(INPUT DATA):
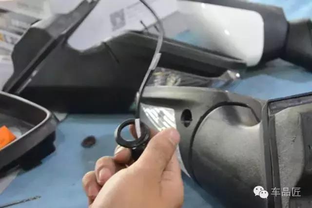 12.左右影像的摄像头安装在后视镜下方,需要把后视镜拆下。拆开后视镜注意镜面连接着的电线需拔掉后才能放下,镜面放置到不易触碰到的地方,以免摔破。
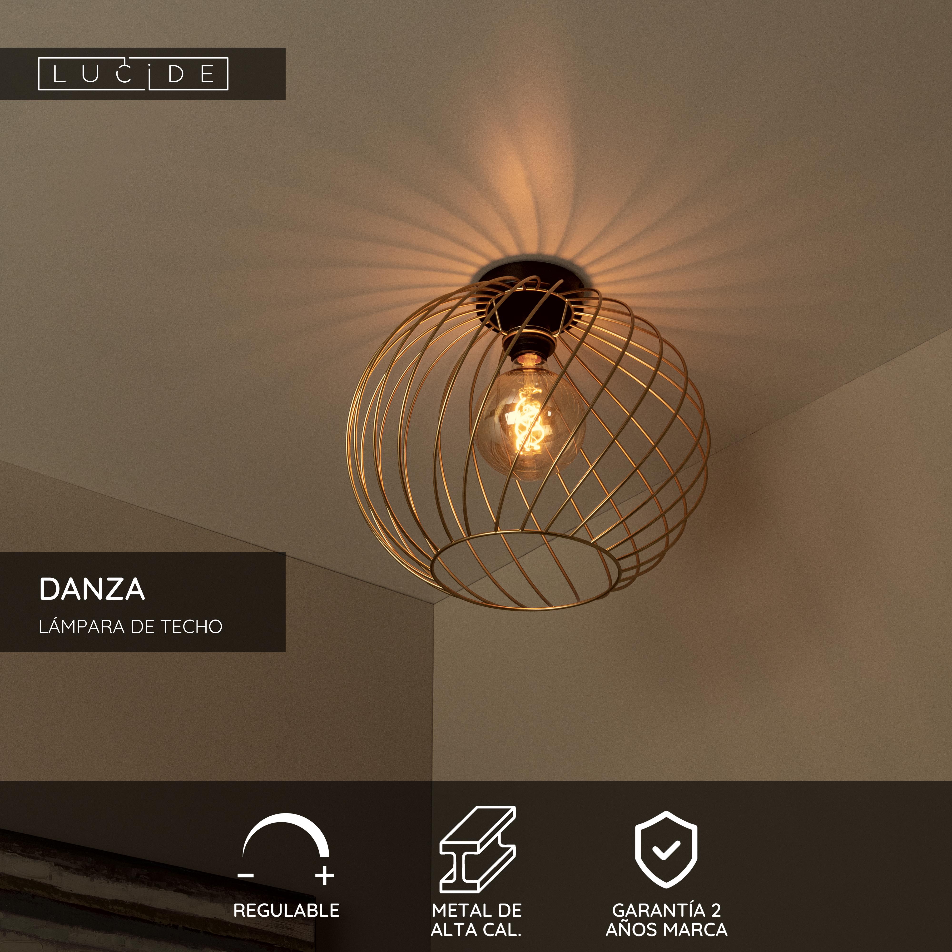 Llévate esta interesante lámpara de techo y mejora el aspecto de tu decoración. Este modelo de forma de bola envuelve el foco de luz con unos finos cables metálicos y retorcidos. Gracias a su estructura abierta, Danza es muy adecuado para una bonita bombilla de filamento. Además, con un regulador de la intensidad de la luz externo también podrás ajustarla a tu gusto. Danza se adapta a cualquier espacio: un acogedor rincón de descanso o la cocina o el discreto dormitorio. Esta lámpara de techo tiene un diámetro de 40 cm y una altura de 35,5 cm.
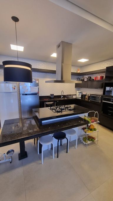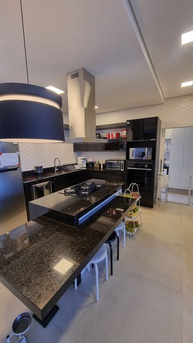 Cozinha ampla com ilha e armários planejados

(WHAT NEEDS TO BE DONE): Return the material in full, word for word, and skip the pictures.

(SOLUTION FOR THIS TASK):
 12.左右影像的摄像头安装在后视镜下方,需要把后视镜拆下。拆开后视镜注意镜面连接着的电线需拔掉后才能放下,镜面放置到不易触碰到的地方,以免摔破。
 Llévate esta interesante lámpara de techo y mejora el aspecto de tu decoración. Este modelo de forma de bola envuelve el foco de luz con unos finos cables metálicos y retorcidos. Gracias a su estructura abierta, Danza es muy adecuado para una bonita bombilla de filamento. Además, con un regulador de la intensidad de la luz externo también podrás ajustarla a tu gusto. Danza se adapta a cualquier espacio: un acogedor rincón de descanso o la cocina o el discreto dormitorio. Esta lámpara de techo tiene un diámetro de 40 cm y una altura de 35,5 cm.
 Cozinha ampla com ilha e armários planejados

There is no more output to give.